Grimaldi’s current owner Frank Ciolli says he welcomes competition — but that was before he learned that his new next door neighbor is (dramatic music!) Patsy Grimaldi!
Community Newspaper Group / Andy Campbell

The pizza war on Old Fulton Street rages on — before the first pie has even been thrown!

On Friday, the city blocked Grimaldi’s from moving to its new location next door after the owner apparently tried to install a coal-fired oven under the cover of darkness.

Frank Ciolli was supposed to relocate his famed pie shop this week after losing his lease and setting the stage for an unexpected comeback by 80-year-old pizza king Patsy Grimaldi, the venerable pizzaiolo who will reclaim the ultra-rare coal oven that he sold to Ciolli in 1998.

Ciolli couldn’t be reached for comment, but Marcello Pervido, who owns the new Grimaldi’s location at 1 Front St. assured pie lovers that the joint would open with a dual gas and coal cooker soon.

“Everything was done legitimately,” Pervido said. “It was just a mistake on the part of the architect in filing the papers — that’s all it was.”

But this “mistake” was not the work of a mere “architect,” but the firm of Robert Scarano, the so-called starchitect of the New Brooklyn, who is best known for his modern designs and for being stripped of his right to certify his own plans after a long history of falsifying documents.

Ciolli claimed that he hired Scarano to apply for a construction permit — but Scarano apparently only asked the city to approve the installation of a “pizza oven”; he never mentioned using coal.

Scarano maintains that Ciolli really was installing a gas oven that simply uses coal for flavor.

“Unfortunately, he wasn’t finished and instead of telling everyone, he blamed my firm so we resigned,” Scarano said. “I wish him good luck. … And hope he makes better pizza there.”

That will be difficult now that Grimaldi has repossessed the coal oven from Grimaldi’s.
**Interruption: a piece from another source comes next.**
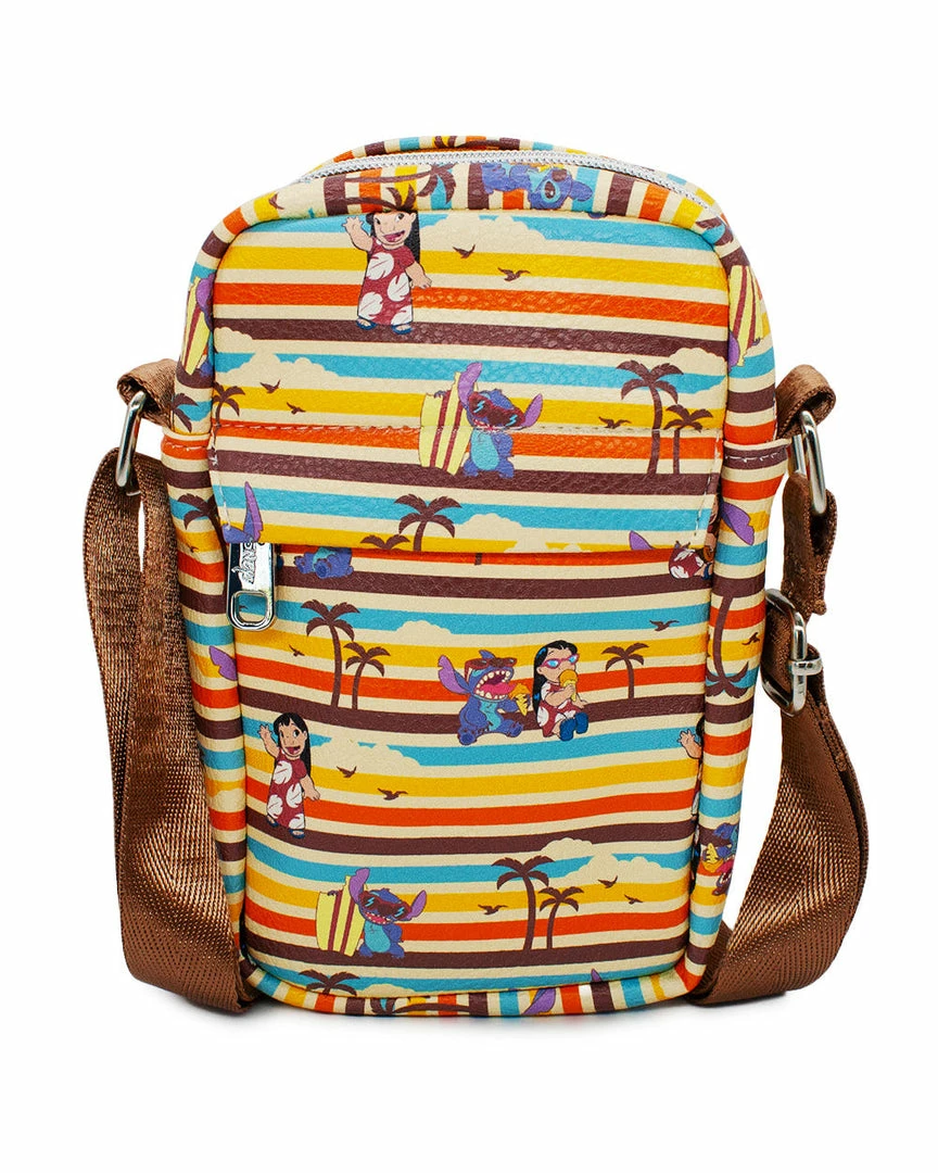 You’re going to love this Disney bag featuring Lilo & Stitch poses all over! Stylish and sleek cross body bag is made from premium vegan leather. It measures 8.0 x 5.5 x 2.0 Inches and features space to carry all your favorite things including phone, wallet, keys, etc. The gorgeous artwork is applied using the latest printing technology so it will hold up well over time. This product is made by Buckle-Down and is Officially Licensed by Disney.

Such brick ovens, which can hit 1,000 degrees and create that sought-after smoky flavor, are illegal in New York unless they’ve been grandfathered in or building owners get a very rare approval.

Local pizzarazzi say it’s enough to ignite a saucy new battle between Ciolli and his predecessor.
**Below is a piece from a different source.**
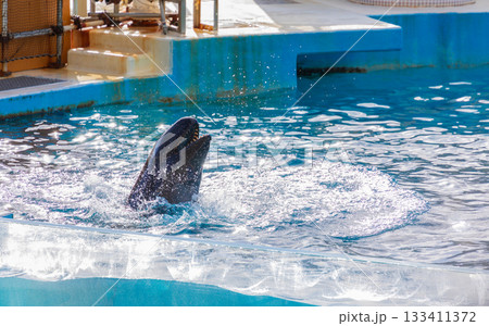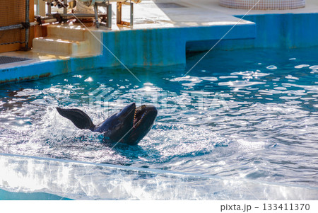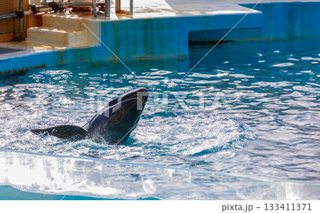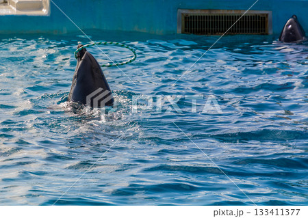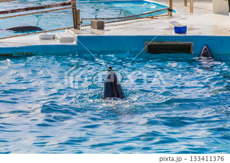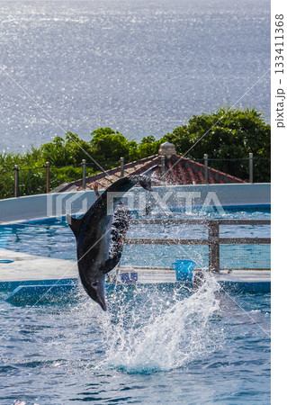 沖繩海洋公園中海豚躍出水面進行高難度特技表演

“It’s like a family feud,” said Larry Leonardi, who owns DUMBO’s Front Street Pizza, a normal-oven joint. “The landlord wanted to hurt Grimaldi’s — and bringing back Patsy is how they’re doing it. Good luck to Patsy and good luck to Grimaldi’s!”
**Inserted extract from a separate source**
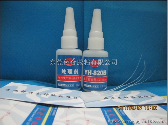 使用方法:1、使用绵布或砂纸将接着面的灰尘、油污、铁锈等除去,再以******或三氯乙烯等清洗剂擦拭,以清洁接着表面,再取适量处理剂涂于要粘接的PP/PE/POM表面一至两分钟左右,让表面处理剂挥发后。2、拧开820B胶水的前盖,即可使用;瓶口太大,瓶口如有胶水先用绵布将胶水擦拭干净,再可套上针头或PE滴管后使用,得以控制胶水流量,保证使用的效果。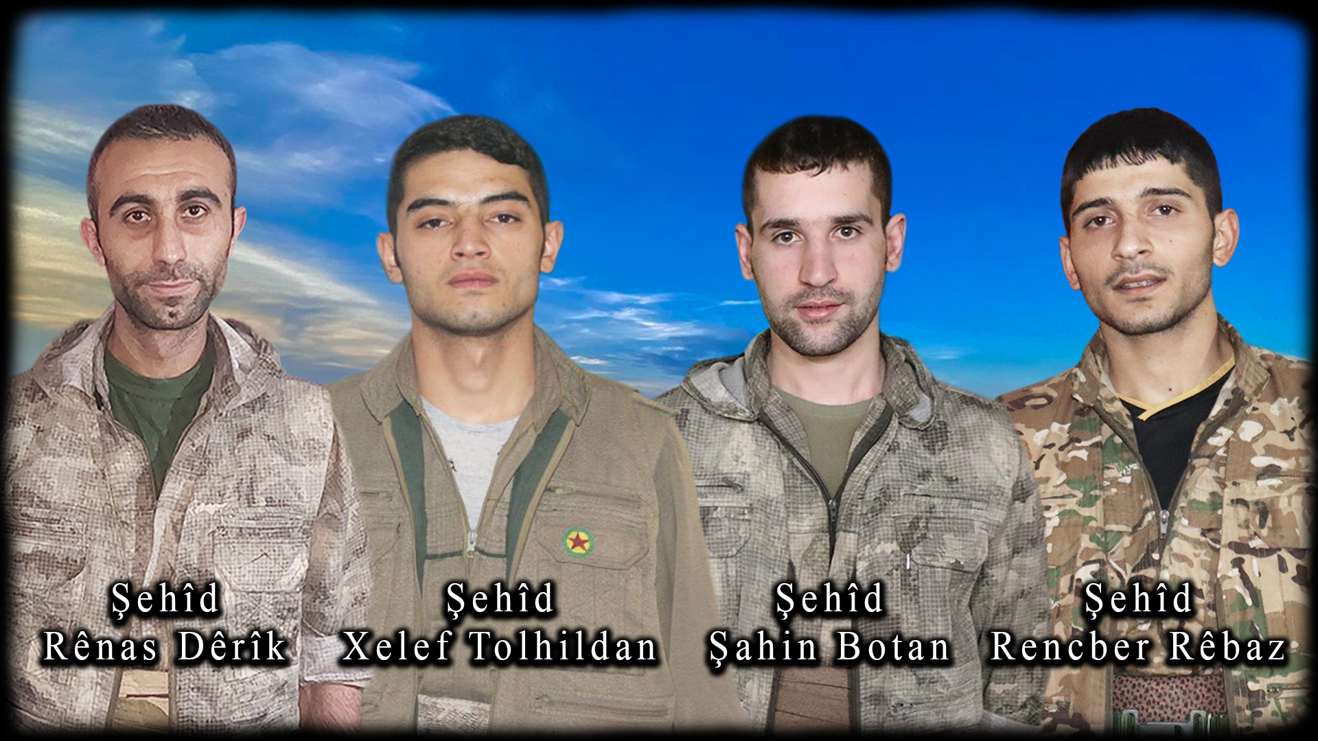 Yaşamdaki fedai duruşlarını düşmana karşı verilen özgürlük savaşımıza da yansıtarak bütünlüklü devrimciler olmayı başaran ve bu özellikleriyle tüm yoldaşlarına öncülük yapan Xelef, Şahin, Rênas ve Rêncber yoldaşlarımızın başta değerli aileleri olmak üzere tüm yurtsever Kurdistan halkımıza başsağlığı diliyor, şehitlerimizin mücadelelerini zaferle taçlandırma sözümüzü yineliyoruz.

The pie-eating world was shaken up last week when The Brooklyn Paper reported that Grimaldi’s was being booted from its 21-year home by Nov. 30 — and losing its beloved coal oven — after landlord Mark Waxman refused to resign his lease.

Days later, in a dramatic twist of fate, Grimaldi announced that he was back, reclaiming his oven and renaming the pizzeria Juliana’s, after his mother.

Grimaldi learned to make tantalizing pies as a teenager at Patsy’s Pizzeria, one of the city’s earliest parlors owned by his uncle Patsy Lancieri in East Harlem. After the original Patsy died in the 1970s, his widow sold the shop to longtime employees, forcing Grimaldi to open a new joint the Brooklyn Bridge.

He launched Grimaldi’s in 1990 and retired eight years later, selling his name to Ciolli, whose family now operates offshoots in Manhattan, Queens, Hoboken and Las Vegas.

He always regretted it.

But after Ciolli fell behind on rent and out of the graces of the landlord, the old pontiff of pizza got a second chance.

Still, Grimaldi and his family refuse to acknowledge Ciolli as competition, saying there’s enough pie to go ’round.

“I don’t want to say anything bad or good,” said Carol Grimaldi, who speaks for her press-shy husband of 40 years. “[Grimaldi’s] was our baby, and sometimes you’re not crazy about who she marries.”

Ciolli told the Post that he had “no animosity” toward the Grimaldi family.

“He gave me a wonderful opportunity selling me the place in 1998, and I wish him the best,” he said.